Use the right channels of communication
When you’re in the office, you can pop by someone’s desk or catch them on the way to a meeting to discuss that task or project. But when you’re all working remotely, it’s easy to let the channels of communication fall by the wayside.
Since remote working often means flexible hours and asynchronous communication, ask your colleagues how they’d like to be communicated with, so you can be sure you’re reaching them on channels they’ll check regularly. It ensures that everyone can be reached easily, but that boundaries are in place to avoid feeling like you have to be connected on every platform 24/7.
Building a fairer workplace is the responsibility of everyone involved, but it can be complicated when you’re working as part of a hybrid team. Inclusivity is the key to driving employee performance and making everyone feel valued and part of the team, so you need to be sure that you’re not treating remote employees as lesser than those working in the office.
Rules are important to ensure that everyone is working on a level playing field and to create a fair team environment. So every member of the team needs to be clear on what’s permitted and what isn’t, so there’s not one set of rules for one group and another for everyone else, and has the opportunity to weigh in and offer opinions before decisions are made.
Check in regularly
Make sure that your colleagues know that you’re on hand to answer questions or queries when they need you to, or even that you’re available to discuss a project or brainstorm ideas when a fresh perspective is needed.
It’s easy to feel as though you’re in your own little bubble when you’re working remotely, but you need to be accessible to your team and flexible to their needs just as you would be in the office. Hiding away at home and dodging emails or group messages is unprofessional and your team dynamic can suffer as a result of it. What’s more, it can mean that your colleagues are left doing more work to make up the difference. Make sure that you’re regularly checking in, responding to requests in a timely manner and being the proactive team member that you would be if you were in the office.
Define goals and expectations
Goal setting is essential to successful remote working, since you have the freedom to work when and how you want when you’re not in the office — and that can often mean you veer off track. You need to have structure and goals in place to keep you moving in the right direction and ensure you’re staying productive, for your own purposes and for the benefit of the business. Remote employees can easily lose sight of the bigger picture, so it’s important to have those common objectives and clear expectations in place so that everyone stays engaged.
Goals are also vital to helping employees stay connected. This structure helps reduce the stress caused by a lack of purpose, where people in the team don’t know what they’re supposed to be working on.
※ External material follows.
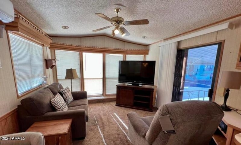 Listing details for 210 Mesa Dr, Florence, AZ 85132 : Caliente Casa De Sol, an amenity-filled 55+ community where you OWN YOUR OWN LAND! This fully furnished, and well maintained 1 bedroom, 1 bathroom park model with covered parking is ready and waiting for YOU to come join in on the fun! Heating and cooling system recently updated with remote controlled units in living room & bedroom. Lots of storage inside plus exterior storage shed. Community features a spacious clubhouse complete with a ballroom, kitchen, fitness center, wood working, billiards, and ceramics room, to the multiple swimming pools and hot tubs, shuffleboard, pickle ball, mini golf, horseshoes, dog runs, and SO much more, you'll be so excited to call this place home!

Everyone knows what they’re doing on any given day, and they can feel more engaged in the process.
Hybrid working has been adopted by businesses in many industries, but there are still teething issues to overcome, as with any new way of working. To really thrive as a hybrid employee and work productively, it’s important to stay professional and remember that location aside, you still need to maintain the same standards as you did pre-remote working.